Beginning at the line that contains "A pygmy loris", output each line exactly through the end of the records, and drop any pictures.

*** Data extract Section Begins ***

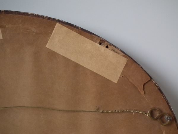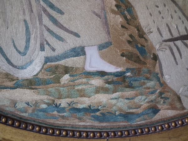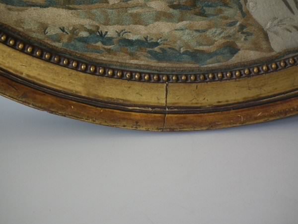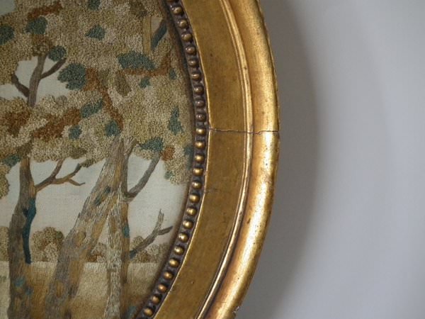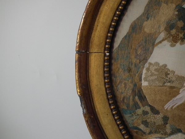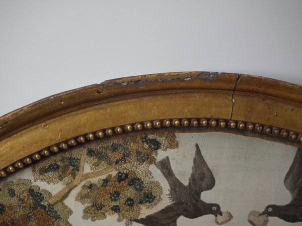 No stitch losses. Colours are mostly good and strong. No colour run. Neatly and evenly stretched. Frame showing some wear. Splits to the front. Some chips to the plaster coating. But is structurally stable and in our opinion could be hung 'as is'.
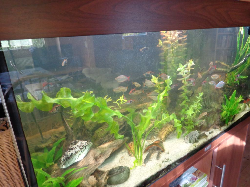Und jetzt sieht es so aus - hab geschwind noch ein paar dazu und das ist echt harmlos gegenüber voriger Woche und die Scheiben muss ich auch wieder reinigen, sehe ich gerade...aber Fische sind munter und gefräßig
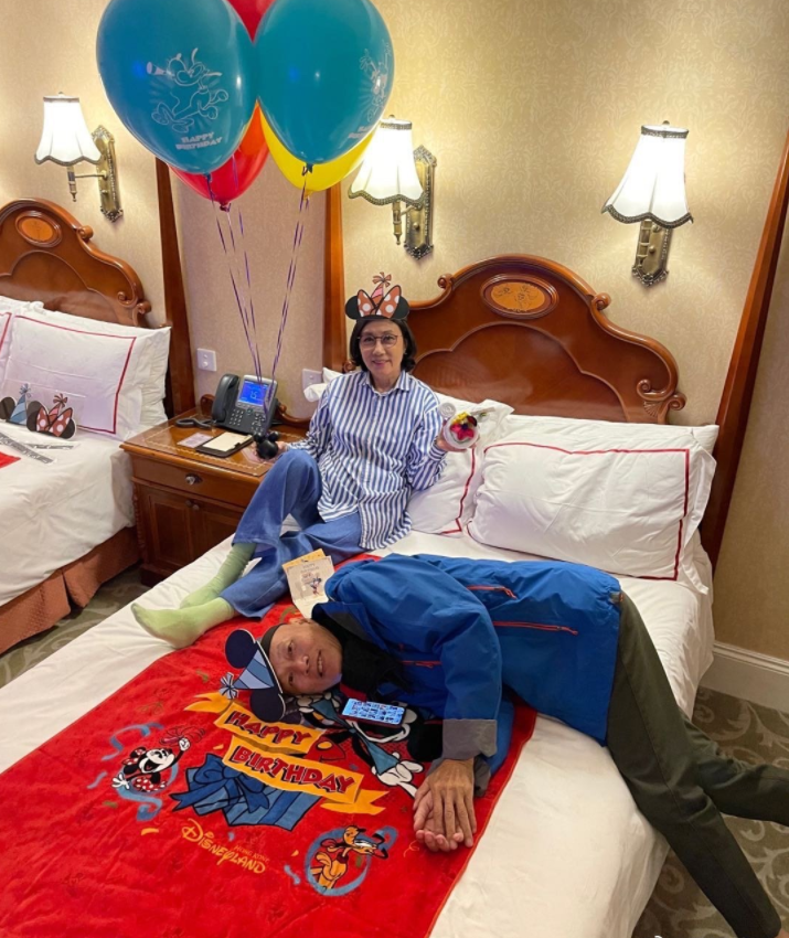 [明星娱乐]汪明荃晒74岁庆生照,与罗家英穿情侣装,住迪士尼酒店童心未泯 |
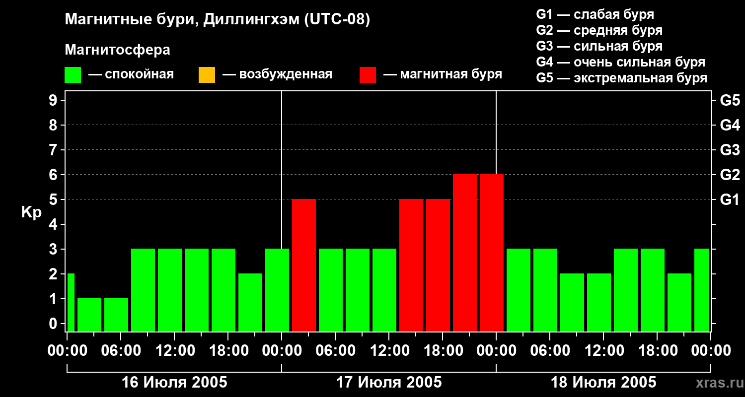 Изменения геомагнитного индекса Kp с 16 по 18 июля 2005 года для средних широт
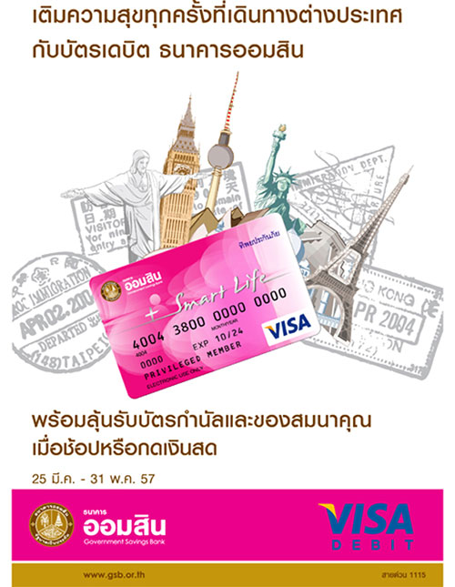 คุณสมบัติของผู้เข้าร่วมกิจกรรม : ผู้ถือบัตรออมสิน วีซ่า เดบิต สมาร์ท ไลฟ์, บัตรออมสิน วีซ่า เดบิต, บัตรออมสิน วีซ่า เดบิต อินสแตนส์ และบัตรออมสิน วีซ่า อิเลคตรอน ที่ชำระค่าสินค้าและบริการผ่านเครื่องรูดซื้อสินค้า (EDC) หรือถอนเงินสด จากเครื่อง ATM ในต่างประเทศ เท่านั้น
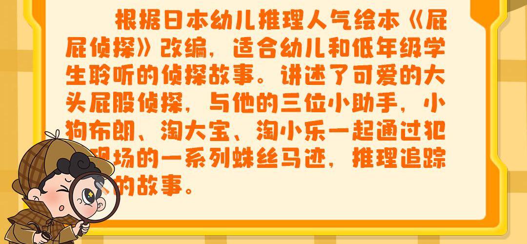 内容简介】《屁屁大侦探》第4季来啦!根据田中阳子和深泽讲秀创作的日本推理人气绘本《屁屁侦探》改编,适合幼儿和低年级学生聆听的侦探故事。
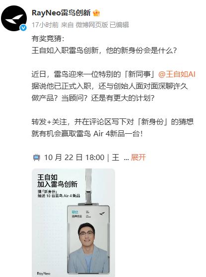 10月23日,雷鸟将举行新品发布会,雷鸟Air4将正式亮相。
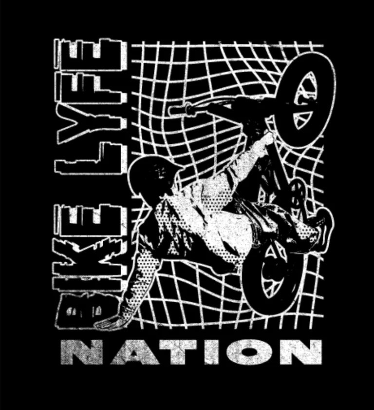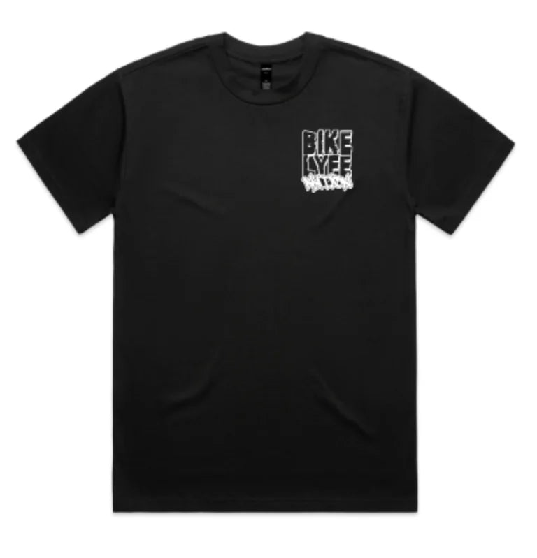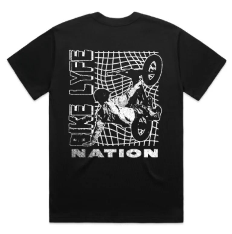 Bike Lyfe Nation Essentials Tee. Graphic screened at left chest. Large graphic on back. Crew neck. Short sleeve. 100% Cotton. Machine wash.
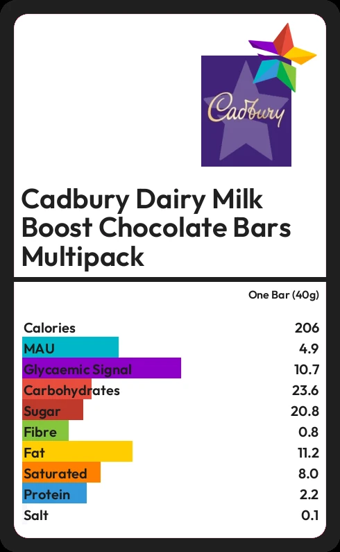 Cadbury Dairy Milk Boost Chocolate Bars Multipack contains 20.8g sugar in one Bar (40g) - that is around 5 cubes of sugar.
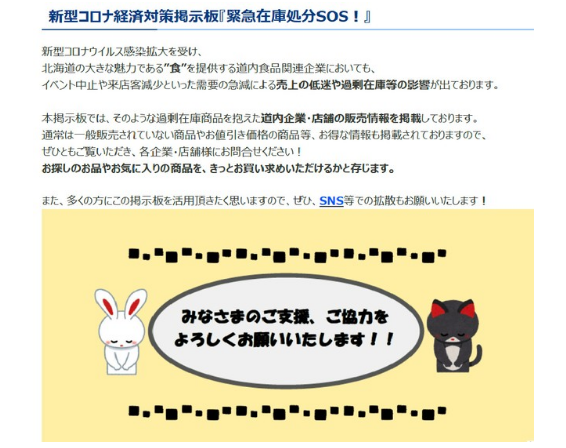 自從2月末以來,北海道內(nèi)的居民被要求周末避免外出,并自我居家隔離。自此之后,北海道除了多人聚集的活動被相繼取消之外,餐飲及觀光業(yè)客流量也急劇減少。因此,自2月10日開始,札幌商工會議所的官網(wǎng)主頁登載了“緊急庫存處理SOS!”的專題頁面,此舉意在為向餐飲、觀光等行業(yè)提供商品的企業(yè)和消費者之間搭建平臺,幫助企業(yè)稍微恢復(fù)一些營業(yè)額。
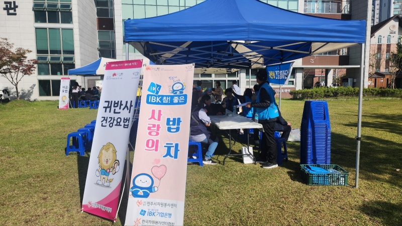 [전주=뉴전북] 사단법인 전주시자원봉사센터(이사장 최이천)는 31일 꽃밭정이노인복지관(관장 전석복)에서 지역사회 노인들을 대상으로 건강하고 따뜻한 마음을 나누는 ‘IBK 참! 좋은 사랑의 밥차’ 무료 급식 활동을 전개했다.
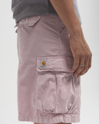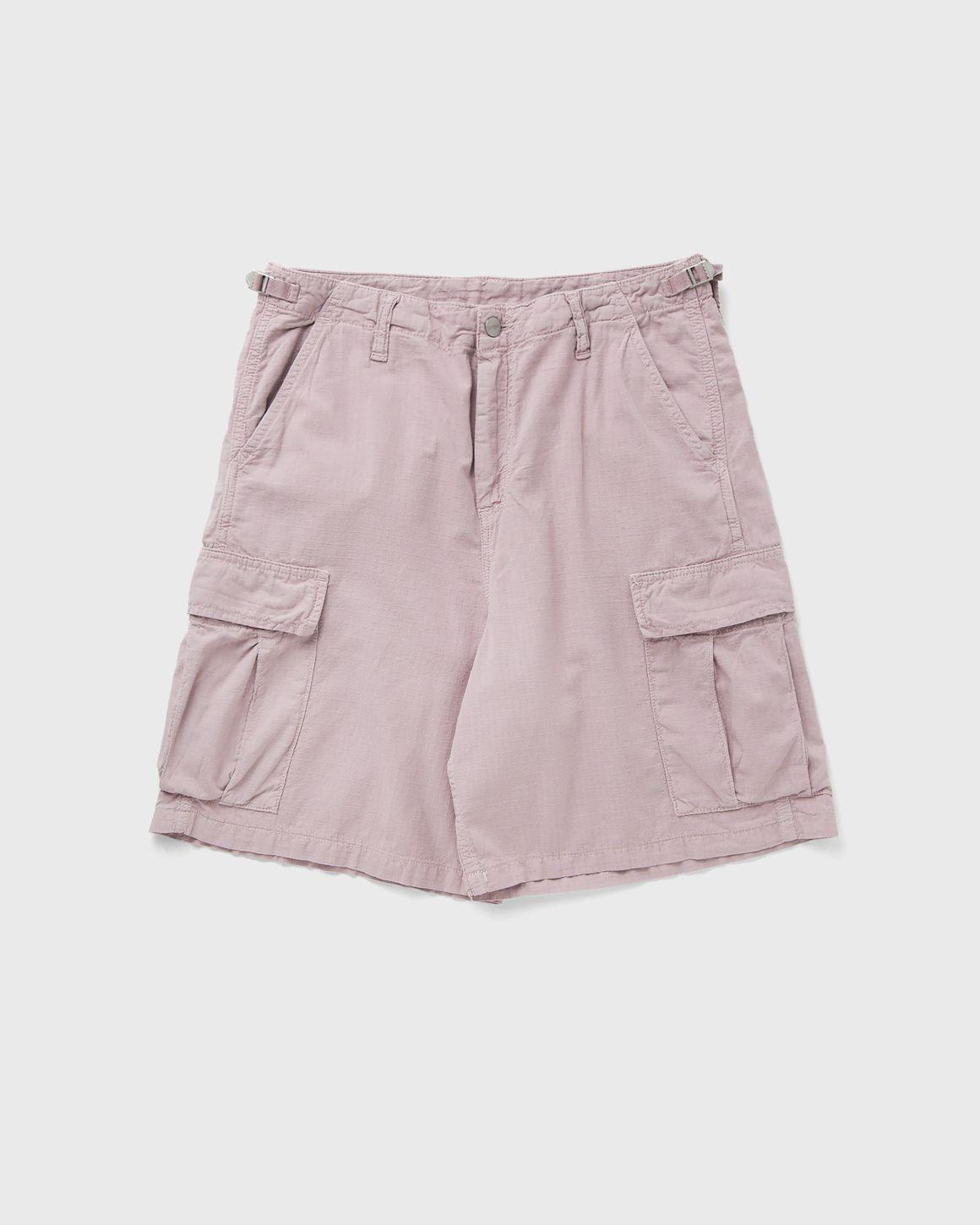 The Alan Cargo Short by Carhartt WIP is made from a mid-weight cotton and canvas ripstop with a regular waist. There are pockets on the front, sides and back, while a woven square label completes the design. - Relaxed fit, regular rise - Adjustable waistband - Side and back pockets with flaps and buttons - Bar-tacked seams in high-wear areas - Zip fly - Square label Article Number: I034815-2P8.GD Gender: Men Color: HORTENSIA GARMENT DYED Material: 81% Cotton, 15% Linen
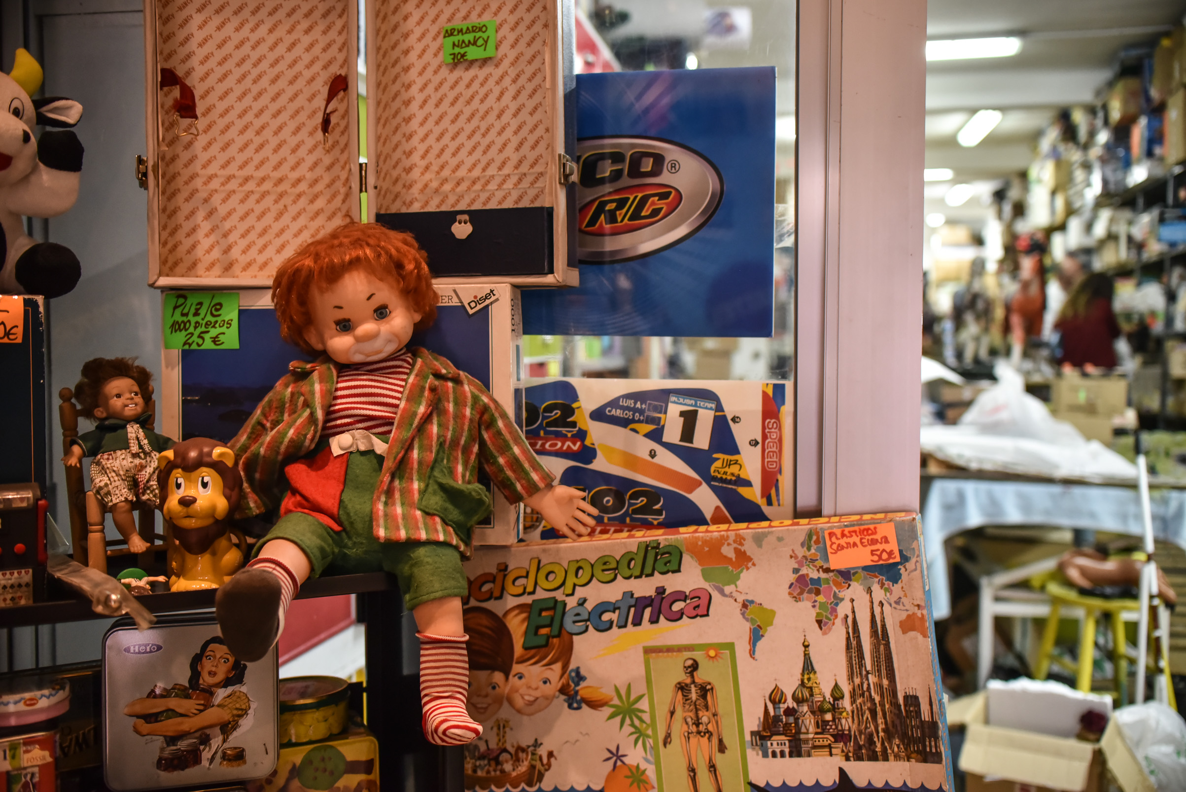 No sólo muñecos de hojalata o madera pueblan este establecimiento, también otro tipo de divertimentos mecánicos.
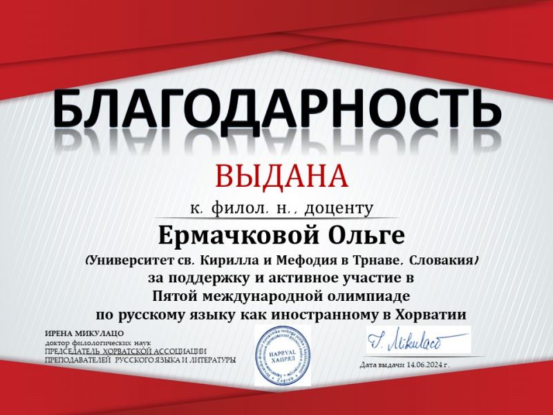 14. júna 2025 sa uskutočnila VI. medzinárodná olympiáda z ruského jazyka ako cudzieho v Chorvátsku, ktorú každoročne organizuje HAPRYAL v online formáte. Tento rok sa olympiády zúčastnilo 77 súťažiacich z Európy, Ázie a Južnej Ameriky. Súťažiaci rozprávali o svojich mestách, obľúbených knihách a filmoch, význame priateľstva, ruských tradíciách, budúcom povolaní a zarecitovali aj básne. V porote pôsobila aj členka našej katedry doc. Olga Iermachkova.
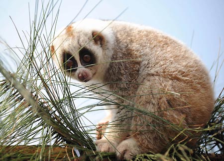 A pygmy loris looks back after winning a climbing event during an animal sports meeting at a wildlife park in Kunming, capital of Southwest China's Yunnan Province, Aug. 22, 2008. Some dozen animals in the park played on Friday for "gold medals" in events as "track and field", "gymnastics", "equestrian" and "football". [Xinhua]
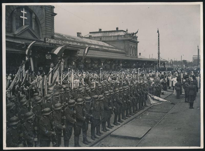 Leírás: 1938 Szombathely, Koronaőrök és katonák várják az Aranyvonatot a vasútállomáson, 24x17 cm
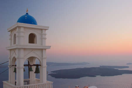 Coastal view of the church bell tower and white buildings in Imerovigli on Santorini island in Greece

*** Data extract Section Ends ***

• [Final answer]:
 A pygmy loris looks back after winning a climbing event during an animal sports meeting at a wildlife park in Kunming, capital of Southwest China's Yunnan Province, Aug. 22, 2008. Some dozen animals in the park played on Friday for "gold medals" in events as "track and field", "gymnastics", "equestrian" and "football". [Xinhua]
 Leírás: 1938 Szombathely, Koronaőrök és katonák várják az Aranyvonatot a vasútállomáson, 24x17 cm
 Coastal view of the church bell tower and white buildings in Imerovigli on Santorini island in Greece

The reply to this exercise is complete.